同社は、SDGsや脱炭素化などが提唱される以前から、企業理念として「技術力を高め、環境社会に貢献する」を掲げていた。「創業当初から、そういったところに着眼していた先輩方は先見の目があった。2050年までにカーボンニュートラルを実現することが宣言されたタイミングで社長に就任したのも、何かの巡り合わせと感じています」と力を込める。

また、動力供給と並ぶ主軸事業である空港の特殊設備の保守管理(エンジニアリング)事業でも新たな展開を始めている。その一つが、空港で手荷物などを搬送するバゲージハンドリングシステムの保守管理ノウハウの応用だ。EC需要の拡大に伴い飛躍的に増加する物流倉庫に、情報システム(ビッグデータ)によるIOT、AI、センサー技術などを活用し、ジャストタイムで自動的に商品がピックアップされてベルトコンベヤで搬送されるシステムが設置されている。エージーピーでは、空港で培った技術を、物流倉庫の搬送システムに応用し、設置、保守管理業務にウイングを広げている。「メーカーを問わずに保守管理できる技術力を持っている企業は日本にそう多くない。長年、空港で提供していた我々の技術力と実績を認めていただいた結果、当社のエンジニアリング事業の需要が拡大している」と胸を張る。

航空・空港を主戦場にしてきた同社は、コロナ禍の痛手も大きかったという。大貫社長は「日本の空港で生まれ、育てていただいた当社ですが、GPUの地方・海外展開を試みていますし、エンジニアリング事業の空港外への拡大も始まりました。第2の創業期として、日本の主要空港から、地方、海外、そして空港外へと、拡大、成長、発展していきたい」と意気込む。

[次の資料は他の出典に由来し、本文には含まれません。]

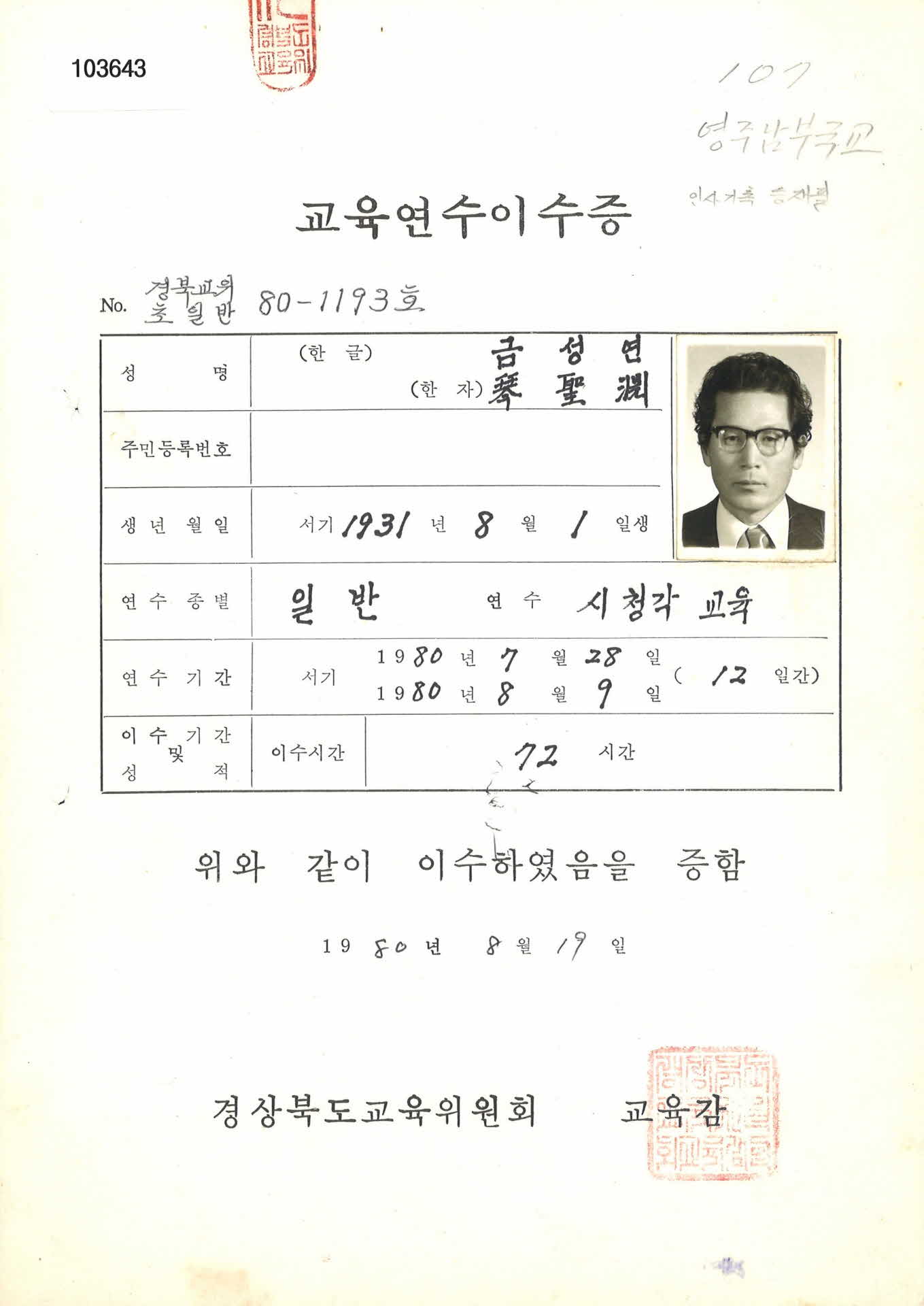 | 기록물명 | 경상북도 교육위원회 교육연수이수증 | ||

「アフターコロナに向けていかにウイングを広げていけるか」というエージーピーの挑戦は続く。

株式会社エージーピー代表取締役 社長執行役員

大貫哲也

1962年、東京都出身。1985年、慶応義塾大学経済学部を卒業後、日本航空に入社。常務執行役員経営企画本部長を経て、2013年にジェイエア代表取締役社長に就任。2021年、日本航空を退任し、株式会社エージーピー代表取締役社長に就任。